Um feixe neurovascular contendo a artéria poplítea, a veia poplítea e o nervo tibial (uma continuação do nervo ciático) viaja logo posterior à articulação do joelho.
O nervo fibular comum é o ramo lateral do nervo ciático.

O quadríceps consiste em reto femoral, vasto medial, vasto lateral e intermediário femoral.
inclui bíceps femoral, semitendíneo e semimembranoso;
Gastrocnêmio.
Tibial anterior.
Músculos que mantêm a estabilidade da articulação do joelho, incluindo quadríceps, músculos de sutura, isquiotibiais, músculos femorais finos, bíceps femoral, semitendíneo e semimembranoso.

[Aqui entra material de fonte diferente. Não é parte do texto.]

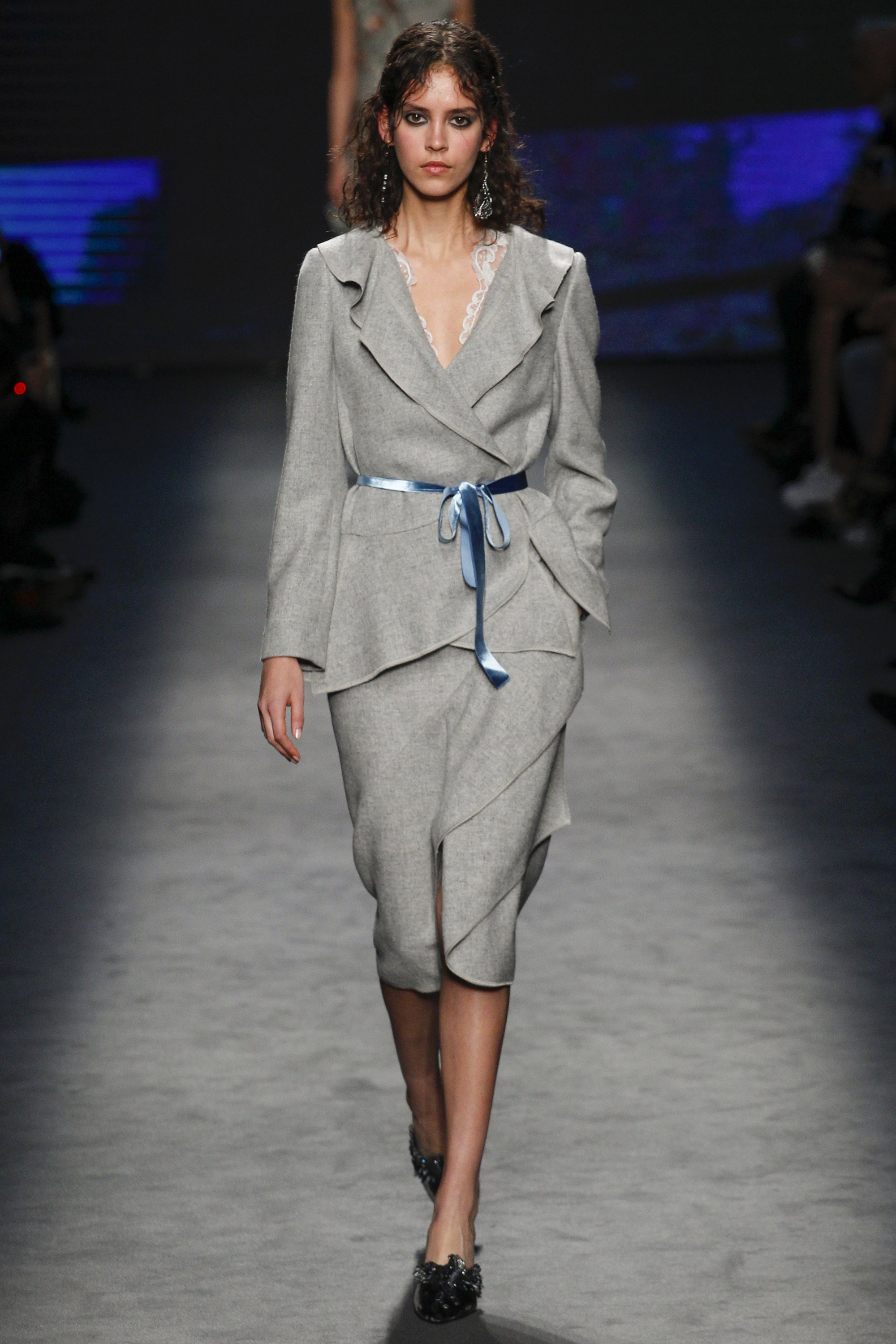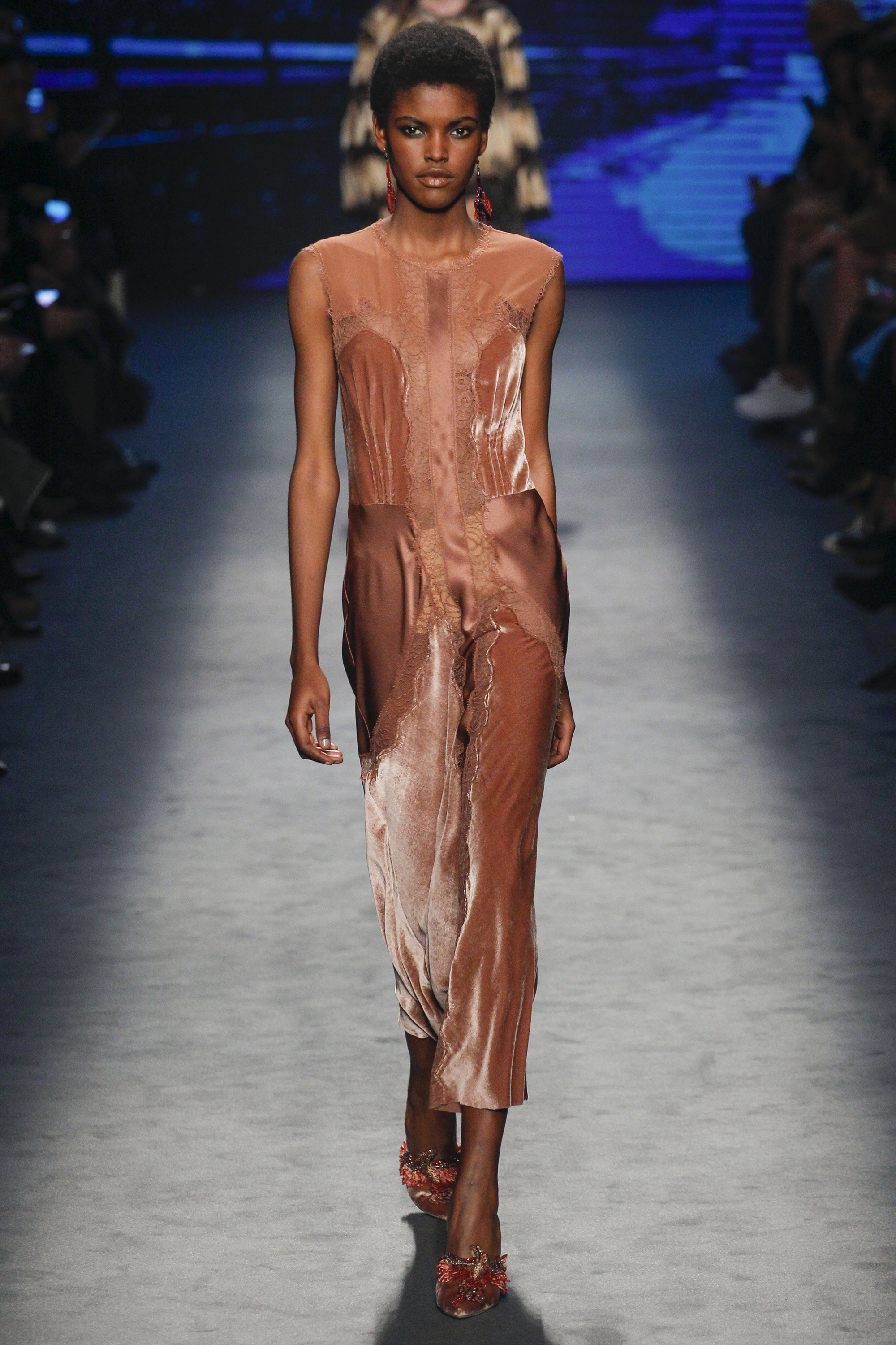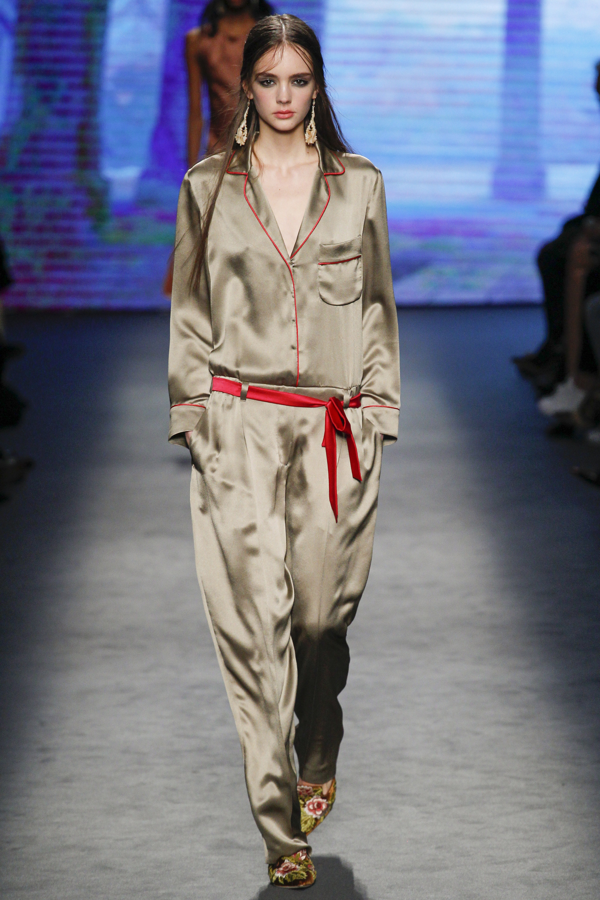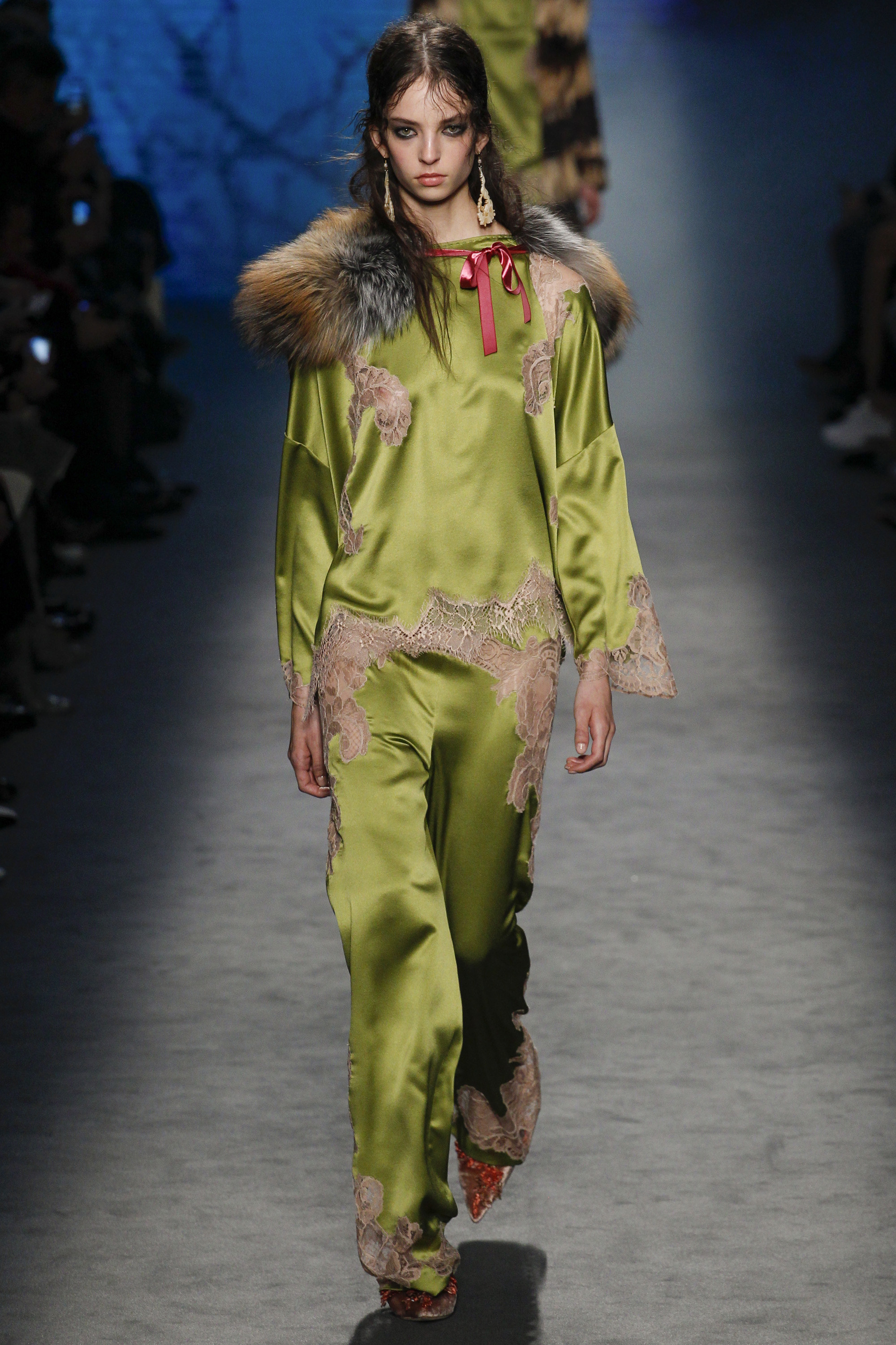 Lace, bedroom-ready pajamas, and fur were thrown in the mix right out of the gate: anchored with embellished takes on the slipper. Suiting was easy and functional, yet polished, while slip gowns were often paired with a cozy coat for a sample of real-time wear.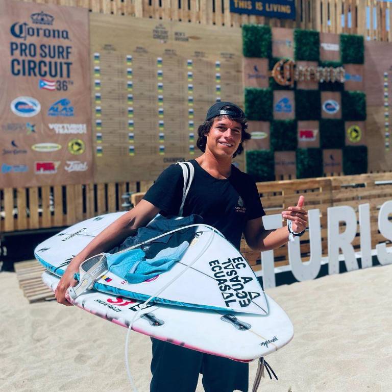 Creció en las playas de Montañita. Desde pequeño veía a los surfistas profesionales dominar las olas. Pronto su padre le regaló una tabla y empezó a pasar más tiempo en el agua que en tierra.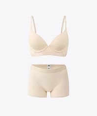 럭스 실키 터치 와이어 브라 보이쇼츠 세트_베이지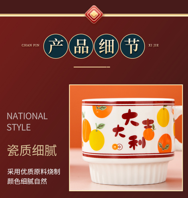 【大吉大利!陶瓷水杯马克杯叠叠杯】瓷质细腻颜色亮丽,釉面光滑创意设计,多用途,实用性强套装创意咖啡杯子实用礼品伴手礼礼盒装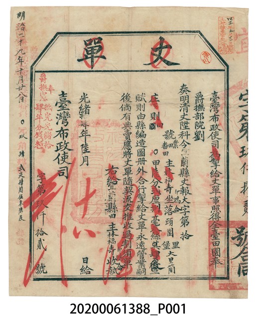 丈單、臺灣布政使司、宜蘭縣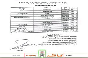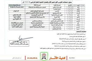أعلنت الأقسام العلمية في كلية الآثار /جامعة ذي قار عن جداول الامتحانات الفصلية(الكورس الأول) للعام الدراسي 2025-2026 ،والتي تنطلق يوم الاحد المصادف 2025/12/28 .
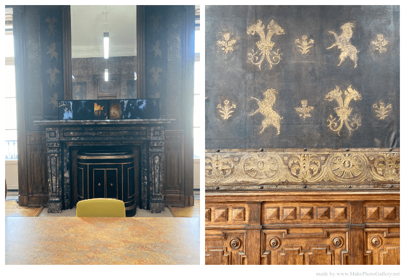 Na antiga sala de jantar do palácio, o Sala dos Couros, as paredes, revestidas a couro, estão decoradas com imagens de cabras e o brasão dos Costa Cabral, família que, por via de casamento, se tornou proprietária da casa.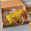 The Louis Vuitton Nano Speedy in yellow is a miniature version of the House’s iconic travel bag. This compact design is crafted from Monogram coated canvas and features leather trims, and a secure zipper closure. It provides a surprising amount of storage for essentials such as a smartphone, keys, and a card holder. The bag is highly versatile, including a removable and adjustable shoulder strap that allows for hand, shoulder, or crossbody carry.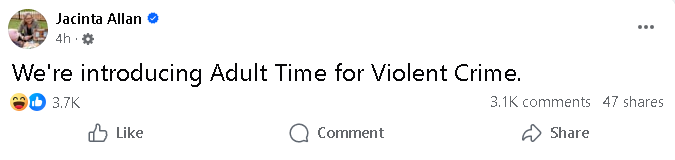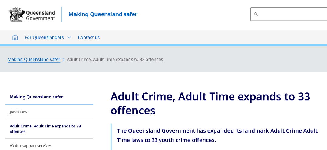 事实上,昆州早在去年就推行了类似政策——“Adult Crime, Adult Time”(成人罪行,成人惩罚):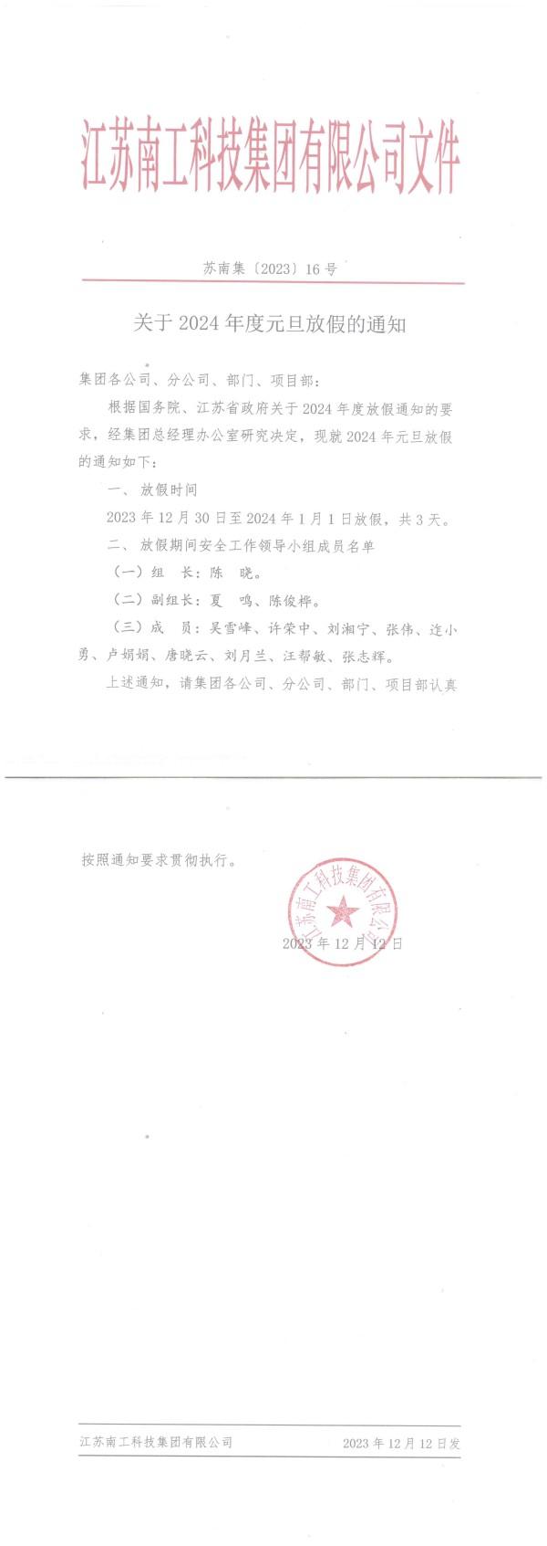 您的位置:集团首页 >> 新闻中心 >> 集团公告 >> 关于2024年度元旦放假的通知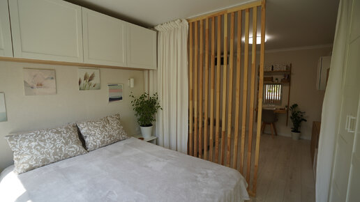 Спальня с большой кроватью, гардеробом и все это в крохотной однушке. Как?

Observe a mobilidade e a simetria das articulações dos joelhos no lado afetado e no lado oposto do paciente e preste atenção se há inchaço localizado, cor anormal da pele e marcha anormal, etc.
verifique o local, profundidade, extensão e natureza da dor e do inchaço, com o lado afetado do paciente em posição relaxada tanto quanto possível.
Verifique a mobilidade da articulação do joelho através de atividades ativas e passivas do paciente.
Meça o comprimento de cada segmento do membro, bem como o comprimento total, circunferência do membro, amplitude de movimento das articulações, força muscular, área de perda de sensibilidade, etc., e faça registros e marcações.
- teste de patela flutuante: observe se há derrame na articulação do joelho do paciente.
Depois de apertar a bursa suprapatelar para permitir o acúmulo de líquido, se houver líquido na articulação do joelho, a patela é pressionada suavemente com o dedo indicador e, uma vez liberada a pressão, a patela flutuará para cima sob a força de empuxo do fluido, e quando a pressão for liberada, a patela terá uma sensação de estalo ou flutuação devido à força de empuxo

- Teste de gaveta: para verificar se há lesão no ligamento cruzado.
Teste da gaveta anterior: paciente deitado na cama, joelho flexionado 90°, pés apoiados na cama, mantido relaxado. Examinador contra os pés do paciente para fixá-lo, mãos segurando a extremidade tibial da articulação do joelho, puxar a panturrilha para a frente, como o deslocamento anterior da tíbia do que o lado saudável de 5mm é positivo, positivo sugere que a lesão do ligamento cruzado anterior (Nota: o teste de Lachman é o teste da gaveta anterior da flexão do joelho 30 °).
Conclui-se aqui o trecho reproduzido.